There's no reason to think that; transitioning takes time, and professional athletes quickly lose their edges without training (or with insufficient training). A lowered muscle memory even for a short time would see quick losses.
Jebus wrote:
Sun Jun 02, 2019 4:47 pm
The problem, as I see it, is that the lure of (athletic) fame and fortune would motivate men (who otherwise wouldn't) to make a gender change.
Would you have transitioned if it were an option?
Aside from those is very poor countries, I highly doubt the prize money would be worth it.
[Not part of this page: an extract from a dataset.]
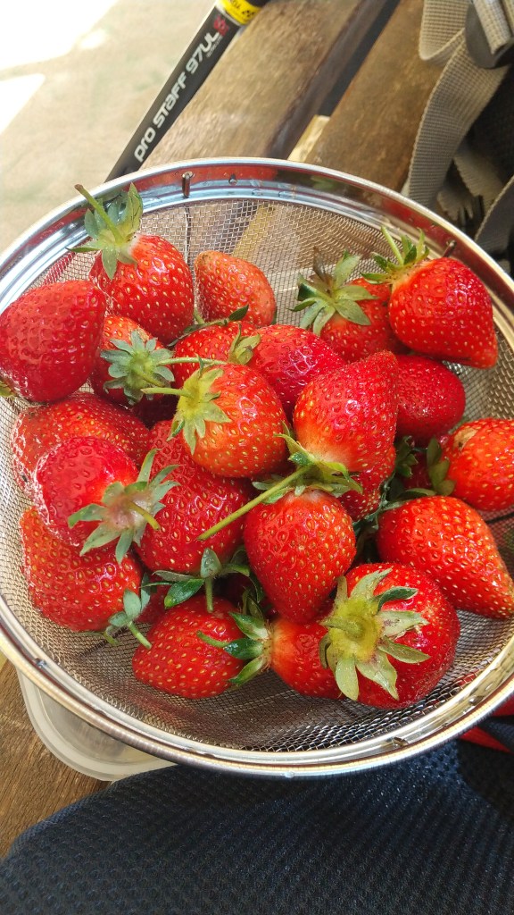 ↓ テニスメイトからの自家製の差し入れ苺、見た目も形もきれいで甘い!
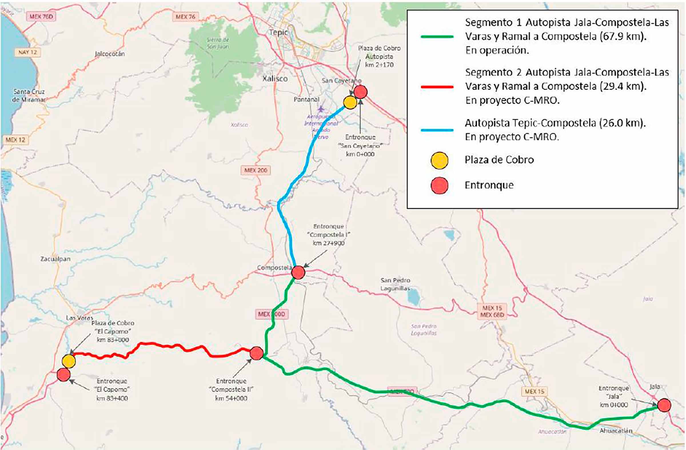 La Autopista Jala – Compostela – Las Varas y Ramal a Compostela está dividida en dos Segmentos, el Segmento 1 se compone del kilómetro 0+000 al kilómetro 54+000 de la Autopista Jala - Compostela que entronca con la Carretera Federal de cuota 15 D Guadalajara – Tepic (en Jala) y el Ramal Compostela el cual tiene como cadenamiento del kilómetro 27+000 al km 40+262 y este a su vez hace entronque con la Autopista 68D; y el Segmento 2 de la Autopista Compostela – Las Varas. La Autopista Tepic – Compostela tiene una longitud de 26 kilómetros que van desde el kilómetro 0+000 al kilómetro 26+000 de la Autopista Tepic - Compostela que entronca con la Carretera Federal de cuota 15 D Guadalajara – Tepic y con el Ramal Compostela el cual tiene como cadenamiento del kilómetro 27+000 al km 40+262 y este a su vez hace entronque con la Autopista 68D.

That's like chopping off your legs to compete in the Paralympics.

And even if it did happen a few times, why would that matter?
I don't think any reasonable scenario would see women's sports just totally overrun by men pretending to be women (e.g. not real transwomen) just to win prize money.
Jebus wrote:
Sun Jun 02, 2019 4:47 pm
Perhaps more women would gravitate to such events if there were no gender distinction in sports.
Or we would develop new sports which have a mixture of physical talents that creates a more balanced playing field.
Or possibly even just require mixed teams of men and women.
Jebus wrote:
Sun Jun 02, 2019 4:47 pm
You mean it is unfair because some people are more athletically gifted than others?
I don't really think fairness is a meaningful concept unless the parameter you are testing is well defined, and it is not in sports.